Another radical shift I would advocate is that all jobs be like gig jobs. We can all negotiate our hours week-by-week and year by year. We would not have any tenure, but could also have more autonomy over our careers. This would help people build families and be better for women and working pensioners.

 

A gig approach would also be a great way to engineer mobility. One issue in today’s economy is that people struggle to move quickly enough where the jobs are. People will not risk moving when in a unionised, tenured, protected job, but are in the wrong place with the wrong skills when that job vanishes. The report highlights Denmark, where a tough regime with low employee tenure is matched by generous support for the jobless seeking new work.

 

The Economist reportalso comments on public policy. Even in the few weeks since publication, its main claim has been vindicated. The claim is that the pandemic has opened up possibilities that had been closed for forty years.
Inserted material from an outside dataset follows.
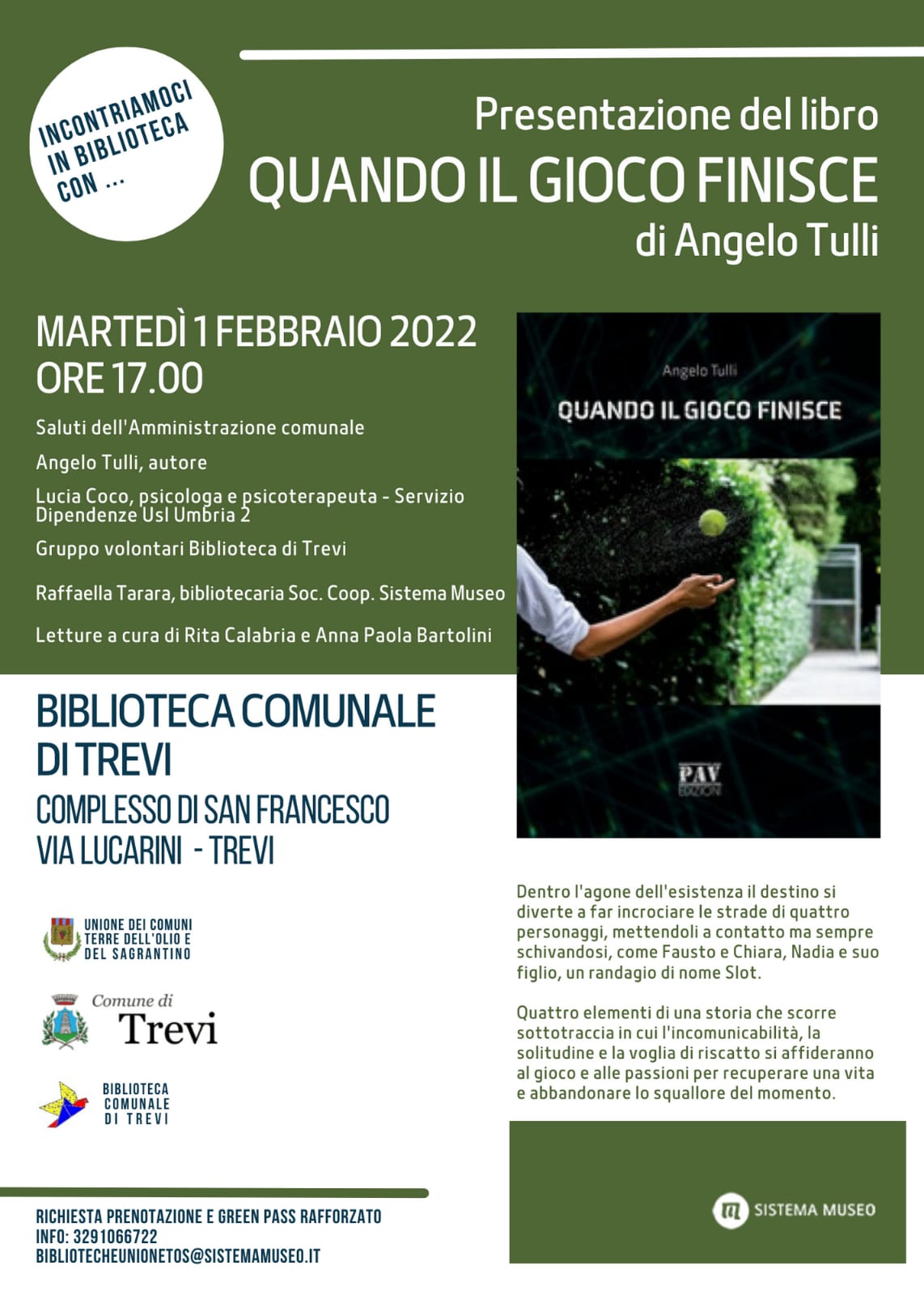 Scritto il: 29-01-2022 | Categoria: Libri1 Febbraio 2022 | Presentazione del libro "Quando il gioco finisce" di Angelo TulliLeggi di più

The vindication has come in the series of transformative policies now with a chance of progress in the US congress. The cash payments and the infrastructure plans have drawn most comment and are welcome enough, but for me the biggest news is elsewhere. The child tax credit, family leave and subsidised childcare and boost for carers would move the US at least some of the way towards European good practice and might signal a welcome new normal in family and welfare policy.

 

Excited as I am about this, part of me wonders why Clinton and Obama did so little. With one party committed to an absence of government, the inaction of Clinton and Obama has led to forty years of regression. The pandemic is part of the answer, because it has awakened the general population and spurred innovation by economists. But another enabler has been the era of ultra-low interest rates, making debt less of a constraint to central bankers. It is neat, because in a way the corporates and bankers have been hoist by their own petard. Having created a debt-lenient environment for their own benefit, central bankers have belatedly caught up.

 

I do wish the Biden team were rather more imaginative. To be fair, they probably only have two years to make a difference. But old-fashioned protectionism, support for restrictive unions and hurling cash at sectors is not ideal. Much of the cash for the care sector may be wasted or purloined by suppliers. I still believe Reimbursement for Care would work better. It would target precisely the same goals, but use the market and individual incentive to drive radically improved outcomes.

 

Despite my reservations, I was encouraged by the Economistreport. Perhaps the generation entering the workforce really do have fulfilling careers to look forward to, and not just the privileged few who can saunter through college and into protected professions. Such progress is not before time.